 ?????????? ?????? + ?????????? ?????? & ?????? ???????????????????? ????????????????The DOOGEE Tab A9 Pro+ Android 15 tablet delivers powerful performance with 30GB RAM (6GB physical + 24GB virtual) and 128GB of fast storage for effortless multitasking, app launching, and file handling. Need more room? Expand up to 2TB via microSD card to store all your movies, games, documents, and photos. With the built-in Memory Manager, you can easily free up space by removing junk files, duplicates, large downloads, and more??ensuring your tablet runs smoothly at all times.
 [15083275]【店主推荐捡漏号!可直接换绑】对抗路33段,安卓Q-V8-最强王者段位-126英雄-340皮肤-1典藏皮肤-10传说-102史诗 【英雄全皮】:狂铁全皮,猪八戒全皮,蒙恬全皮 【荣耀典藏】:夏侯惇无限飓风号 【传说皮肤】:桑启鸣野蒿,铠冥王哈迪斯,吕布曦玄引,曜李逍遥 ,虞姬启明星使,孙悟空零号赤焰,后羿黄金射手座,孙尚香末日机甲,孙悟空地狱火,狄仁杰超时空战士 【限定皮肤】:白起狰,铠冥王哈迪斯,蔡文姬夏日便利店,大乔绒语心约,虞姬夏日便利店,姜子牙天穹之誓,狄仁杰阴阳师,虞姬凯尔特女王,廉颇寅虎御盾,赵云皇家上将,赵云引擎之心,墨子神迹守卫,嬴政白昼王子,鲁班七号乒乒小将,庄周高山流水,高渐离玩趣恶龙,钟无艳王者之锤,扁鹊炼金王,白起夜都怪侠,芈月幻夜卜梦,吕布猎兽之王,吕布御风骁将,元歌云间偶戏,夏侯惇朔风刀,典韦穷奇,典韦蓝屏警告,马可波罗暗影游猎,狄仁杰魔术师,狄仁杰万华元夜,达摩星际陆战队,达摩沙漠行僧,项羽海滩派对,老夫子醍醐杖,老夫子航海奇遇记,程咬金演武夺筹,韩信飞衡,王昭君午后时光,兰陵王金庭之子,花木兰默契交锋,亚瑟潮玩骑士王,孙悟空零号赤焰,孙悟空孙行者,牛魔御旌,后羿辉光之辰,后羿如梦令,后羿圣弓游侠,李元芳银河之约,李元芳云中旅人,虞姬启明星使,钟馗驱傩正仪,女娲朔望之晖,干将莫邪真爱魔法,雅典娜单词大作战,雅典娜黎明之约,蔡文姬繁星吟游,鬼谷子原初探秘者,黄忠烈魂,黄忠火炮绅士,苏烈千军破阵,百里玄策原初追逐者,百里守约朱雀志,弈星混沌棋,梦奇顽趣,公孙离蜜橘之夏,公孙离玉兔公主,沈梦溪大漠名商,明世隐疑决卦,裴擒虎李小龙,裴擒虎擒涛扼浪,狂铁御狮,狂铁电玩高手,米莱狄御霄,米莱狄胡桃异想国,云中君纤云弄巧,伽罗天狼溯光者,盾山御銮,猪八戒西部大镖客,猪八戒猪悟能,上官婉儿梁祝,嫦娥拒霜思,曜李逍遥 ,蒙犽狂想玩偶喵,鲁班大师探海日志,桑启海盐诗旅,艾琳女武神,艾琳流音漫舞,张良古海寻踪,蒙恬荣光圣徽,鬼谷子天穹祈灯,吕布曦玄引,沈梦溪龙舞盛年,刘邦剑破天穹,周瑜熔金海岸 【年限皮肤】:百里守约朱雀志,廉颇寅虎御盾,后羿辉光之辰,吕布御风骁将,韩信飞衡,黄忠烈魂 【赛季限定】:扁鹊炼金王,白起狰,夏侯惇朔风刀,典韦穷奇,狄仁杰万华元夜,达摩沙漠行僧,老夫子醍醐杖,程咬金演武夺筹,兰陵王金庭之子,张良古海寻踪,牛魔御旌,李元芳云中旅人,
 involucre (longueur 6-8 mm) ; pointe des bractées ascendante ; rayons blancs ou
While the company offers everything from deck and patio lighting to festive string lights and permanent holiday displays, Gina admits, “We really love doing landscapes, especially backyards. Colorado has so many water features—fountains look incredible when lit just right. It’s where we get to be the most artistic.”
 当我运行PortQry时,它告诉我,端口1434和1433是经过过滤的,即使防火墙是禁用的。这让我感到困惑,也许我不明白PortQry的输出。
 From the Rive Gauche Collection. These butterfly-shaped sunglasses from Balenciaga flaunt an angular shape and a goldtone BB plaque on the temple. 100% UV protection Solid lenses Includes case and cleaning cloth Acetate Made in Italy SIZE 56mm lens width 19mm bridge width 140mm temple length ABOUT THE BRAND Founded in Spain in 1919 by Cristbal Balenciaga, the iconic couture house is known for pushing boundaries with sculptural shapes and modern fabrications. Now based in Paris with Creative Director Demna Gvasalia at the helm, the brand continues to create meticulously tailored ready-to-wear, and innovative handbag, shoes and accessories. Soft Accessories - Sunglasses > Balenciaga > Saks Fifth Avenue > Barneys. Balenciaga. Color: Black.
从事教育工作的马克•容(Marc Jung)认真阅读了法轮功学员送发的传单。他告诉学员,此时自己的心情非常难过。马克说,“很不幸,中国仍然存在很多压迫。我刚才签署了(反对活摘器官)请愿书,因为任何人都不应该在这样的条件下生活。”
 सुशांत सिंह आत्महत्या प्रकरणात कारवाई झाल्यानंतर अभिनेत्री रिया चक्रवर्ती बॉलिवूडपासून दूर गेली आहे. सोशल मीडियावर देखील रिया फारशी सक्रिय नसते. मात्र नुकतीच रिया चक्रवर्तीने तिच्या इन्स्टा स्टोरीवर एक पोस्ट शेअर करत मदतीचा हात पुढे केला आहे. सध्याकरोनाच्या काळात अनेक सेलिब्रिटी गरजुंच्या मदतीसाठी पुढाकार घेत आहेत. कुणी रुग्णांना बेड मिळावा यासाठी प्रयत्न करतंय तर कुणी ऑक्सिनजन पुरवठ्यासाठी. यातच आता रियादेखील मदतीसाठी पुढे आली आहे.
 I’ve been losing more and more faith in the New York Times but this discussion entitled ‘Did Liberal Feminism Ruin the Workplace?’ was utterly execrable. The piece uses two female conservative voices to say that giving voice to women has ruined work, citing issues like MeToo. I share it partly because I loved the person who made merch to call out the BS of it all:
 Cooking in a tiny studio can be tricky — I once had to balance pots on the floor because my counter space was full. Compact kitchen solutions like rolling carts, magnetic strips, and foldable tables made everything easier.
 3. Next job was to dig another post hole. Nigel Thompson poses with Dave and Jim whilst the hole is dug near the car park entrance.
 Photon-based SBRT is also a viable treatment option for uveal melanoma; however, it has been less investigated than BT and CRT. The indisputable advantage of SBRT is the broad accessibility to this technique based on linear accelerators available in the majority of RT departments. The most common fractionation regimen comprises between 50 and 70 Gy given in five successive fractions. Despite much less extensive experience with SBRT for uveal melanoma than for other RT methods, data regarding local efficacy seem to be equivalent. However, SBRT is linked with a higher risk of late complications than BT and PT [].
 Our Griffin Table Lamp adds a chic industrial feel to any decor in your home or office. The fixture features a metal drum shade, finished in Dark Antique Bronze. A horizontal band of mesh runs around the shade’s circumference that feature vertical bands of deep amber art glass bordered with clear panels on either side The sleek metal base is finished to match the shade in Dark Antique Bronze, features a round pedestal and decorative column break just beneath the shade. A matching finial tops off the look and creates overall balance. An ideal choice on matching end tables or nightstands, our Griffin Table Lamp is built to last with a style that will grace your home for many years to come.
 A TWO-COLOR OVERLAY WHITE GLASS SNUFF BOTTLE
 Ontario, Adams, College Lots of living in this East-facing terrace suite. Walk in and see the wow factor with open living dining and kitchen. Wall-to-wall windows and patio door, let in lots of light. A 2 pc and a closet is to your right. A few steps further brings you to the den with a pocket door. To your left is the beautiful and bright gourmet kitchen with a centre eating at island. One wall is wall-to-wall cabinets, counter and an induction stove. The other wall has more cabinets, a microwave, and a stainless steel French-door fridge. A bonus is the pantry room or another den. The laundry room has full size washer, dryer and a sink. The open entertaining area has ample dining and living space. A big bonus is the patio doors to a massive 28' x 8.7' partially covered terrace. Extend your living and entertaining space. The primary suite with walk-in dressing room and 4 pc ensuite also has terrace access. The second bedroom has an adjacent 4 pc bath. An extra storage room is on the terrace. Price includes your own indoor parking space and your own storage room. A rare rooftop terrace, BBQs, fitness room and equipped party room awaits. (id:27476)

> _What this task involves_: Filter the listing above for lines with the word "because", and copy each one you find.

> _Response to the task_:
 I’ve been losing more and more faith in the New York Times but this discussion entitled ‘Did Liberal Feminism Ruin the Workplace?’ was utterly execrable. The piece uses two female conservative voices to say that giving voice to women has ruined work, citing issues like MeToo. I share it partly because I loved the person who made merch to call out the BS of it all:
 Cooking in a tiny studio can be tricky — I once had to balance pots on the floor because my counter space was full. Compact kitchen solutions like rolling carts, magnetic strips, and foldable tables made everything easier.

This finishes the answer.